It's a cool project don't get me wrong, but Nobel Peace Prize? What is this thread? I would consider something like a strandbeest to be more award-worthy - but it too is just a neat invention, not contributing to world peace or anything near it.

fortyseven · 2024-09-20T18:40:28 1726857628

Supposed to be, apparently.

6SixTy · 2024-09-20T21:06:59 1726866419

There's the Turing award, which is an equivalent prize for computing. Could add an acknowledgement for strange and unusual applications of computer science.

irdc · 2024-09-21T10:10:21 1726913421

Ig Nobel is a pun on Nobel and ignoble, so how about a Tor Turing award?

Pet_Ant · 2024-09-20T14:55:40 1726844140

In the "Why MIPS?" section:

> some have shitty addressing modes necessitating that they would be slow (RISCV)

What is wrong with the RISC-V addressing modes?

TapamN · 2024-09-20T19:22:46 1726860166

It's not really the addressing modes, but the instruction format. Immediate values on RISC-V are not stored contiguously on certain RISC-V instructions.

On all MIPS instructions, the bits for a immediate add, load constant, branch, etc value are always stored in order.

On RISC-V, the bits are (sometimes) jumbled around. For example, on a unconditional branch, the bits for the destination offset are stored in the order of bit 19, bits 9-0, bit 10, bits 18-11. In hardware, reordering that is free, you just run your wires the right way to decode it. In software, you have to do a ton of bit manipulation to fix it up.

The reason RISC-V does that is to simplify the hardware design.

Pet_Ant · 2024-09-20T20:51:02 1726865462

Okay, so it's more about IMM representation within the bytecode rather than some memory addressing mode.

dmitrygr · 2024-09-20T21:09:02 1726866542

Well, lack of REG+REG and REG+SHIFTED_REG addressing modes handicaps it significantly. And no, it will not get magically fused by magic fusing fairies in your cpu

kouteiheika · 2024-09-21T10:59:10 1726916350

> Well, lack of REG+REG and REG+SHIFTED_REG addressing modes handicaps it significantly.
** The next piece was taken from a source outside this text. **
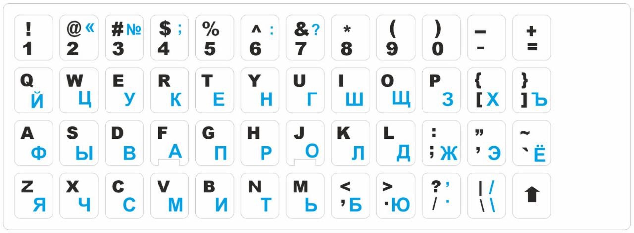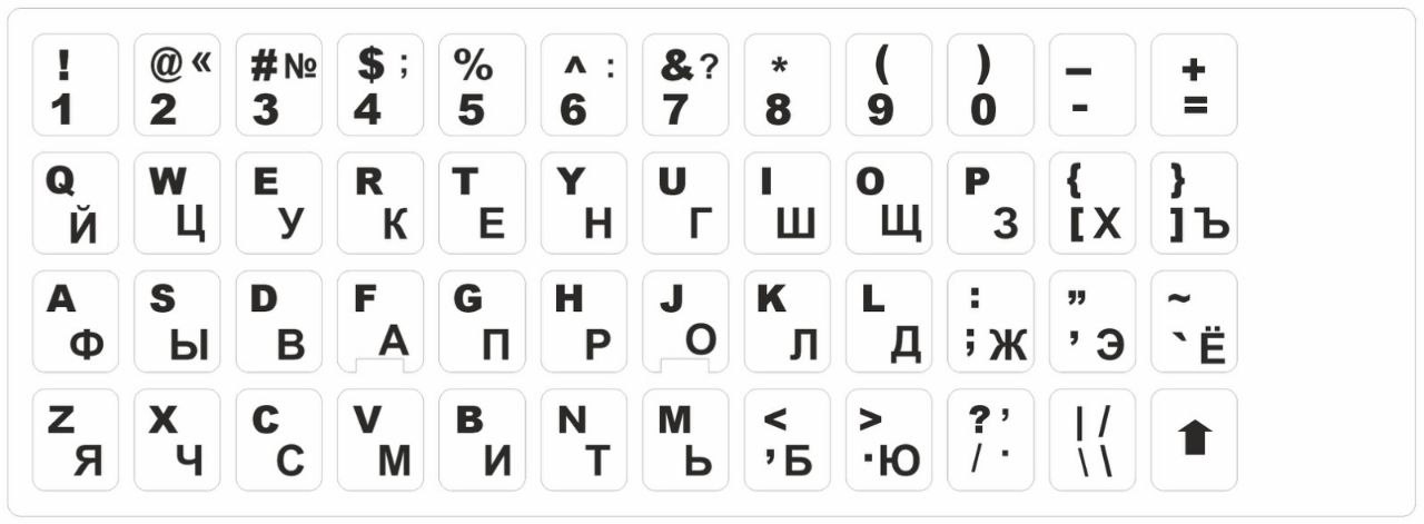 Во всех перечисленных случаях для покупки доступны наклейки на клавиатуру с русскими буквами и кириллицей. Это упрощает ввод информации на разных языках. Наклейки должны быть чуть меньше клавиш по размеру. Также важно помнить, что кнопки клавиатуры бывают различной формы, от традиционной квадратной или прямоугольной до закругленной и овальной.
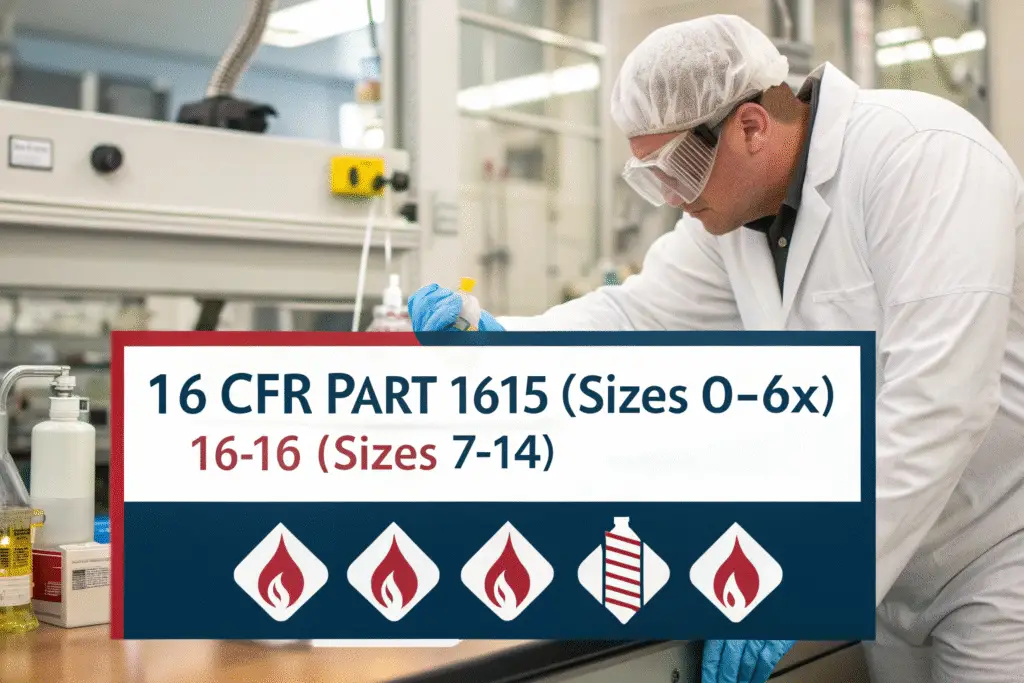 The two core regulations are 16 CFR Part 1615 (for children up to size 6X) and 16 CFR Part 1616 (for sizes 7–14). Both require the fabric and finished garment to self-extinguish within a few seconds under test conditions.

Does it? Well, there's a vendor specific extension for that (XTheadMemIdx):

https://github.com/XUANTIE-RV/thead-extension-spec/releases/...

Not sure about GCC, but on clang it is trivial to enable it. And if you really want to (assuming you have the hardware) you could compile exactly the same code with and without it and compare how much exactly it is handicapped if those instructions are not there.

Plus, on RISC-V multiplication/division (about which you've complained) is optional, and there is also a variant of RISC-V with only 16 registers instead of 32 (also very simple to enable on recent versions of clang, although Linux would probably need some modifications to be able to run on that).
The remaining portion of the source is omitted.